%%

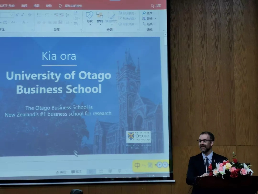活动开始,奥塔哥大学副校长、奥塔哥商学院院长 Robin Gaul教授致辞 。首先,他欢迎四期DBA学生的参加,并向在座各位学员介绍了奥塔哥商学院最近取得的成果和未来规划。在最新公布的学科排名中,奥塔哥商学院MBA课程排名新西兰第一、亚太区21-25(QS),Tourisim旅游专业全球排名第十四位(Worl Leisure Centre of Excellence)。奥塔哥大学奥塔哥商学院同时拥有EQUIS(欧洲质量发展认证体系)和AACSB(国际商学院促进协会)两项国际权威商学院认证,并且是AAPBS(亚太管理学院联合会) 和 PIM (Partnership in International Management)成员。同时,他表示:未来几年,奥塔哥商学院战略发展包括奥塔哥全球卫生健康机构合作、奥塔哥能源研究中心合作、商业可持续发展研究和计算机技术在商业领域的应用(自动化、AI和大数据)。
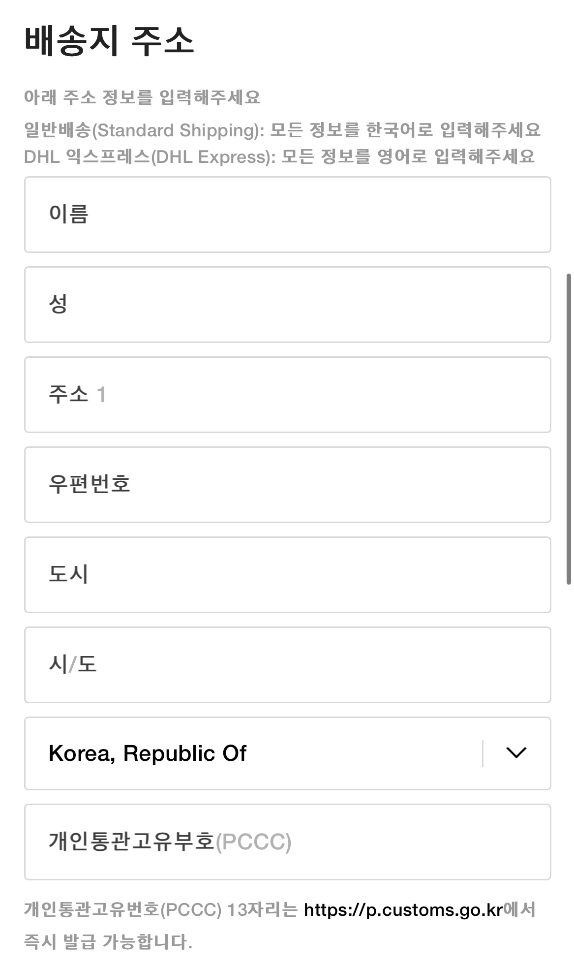 배송이 빠르지만 비싼 국제 DNL 익스프레스를 통해 케이스를 받을 경우 주소는 영어로 적고, 일반 배송은 한국어로 적어야 한다.
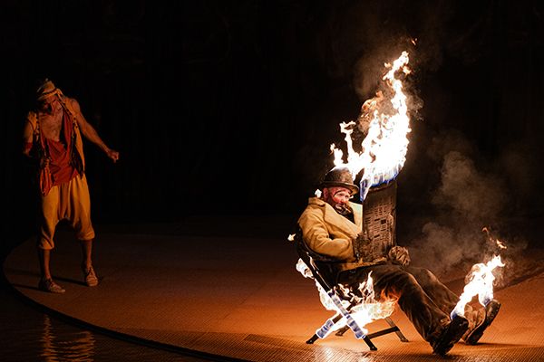 The costume for L'Allumé is made from kevlar. It weighs 41 lbs., and is replaced every 7 to 9 weeks.
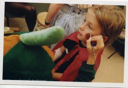 a child getting her face painted at the 1998 Halloween Alumnae Event

%%

> _Problem description_:
Retype the data exactly as it stands, but keep the images out of your copy.

> _Expected answer_:
活动开始,奥塔哥大学副校长、奥塔哥商学院院长 Robin Gaul教授致辞 。首先,他欢迎四期DBA学生的参加,并向在座各位学员介绍了奥塔哥商学院最近取得的成果和未来规划。在最新公布的学科排名中,奥塔哥商学院MBA课程排名新西兰第一、亚太区21-25(QS),Tourisim旅游专业全球排名第十四位(Worl Leisure Centre of Excellence)。奥塔哥大学奥塔哥商学院同时拥有EQUIS(欧洲质量发展认证体系)和AACSB(国际商学院促进协会)两项国际权威商学院认证,并且是AAPBS(亚太管理学院联合会) 和 PIM (Partnership in International Management)成员。同时,他表示:未来几年,奥塔哥商学院战略发展包括奥塔哥全球卫生健康机构合作、奥塔哥能源研究中心合作、商业可持续发展研究和计算机技术在商业领域的应用(自动化、AI和大数据)。
 배송이 빠르지만 비싼 국제 DNL 익스프레스를 통해 케이스를 받을 경우 주소는 영어로 적고, 일반 배송은 한국어로 적어야 한다.
 The costume for L'Allumé is made from kevlar. It weighs 41 lbs., and is replaced every 7 to 9 weeks.
 a child getting her face painted at the 1998 Halloween Alumnae Event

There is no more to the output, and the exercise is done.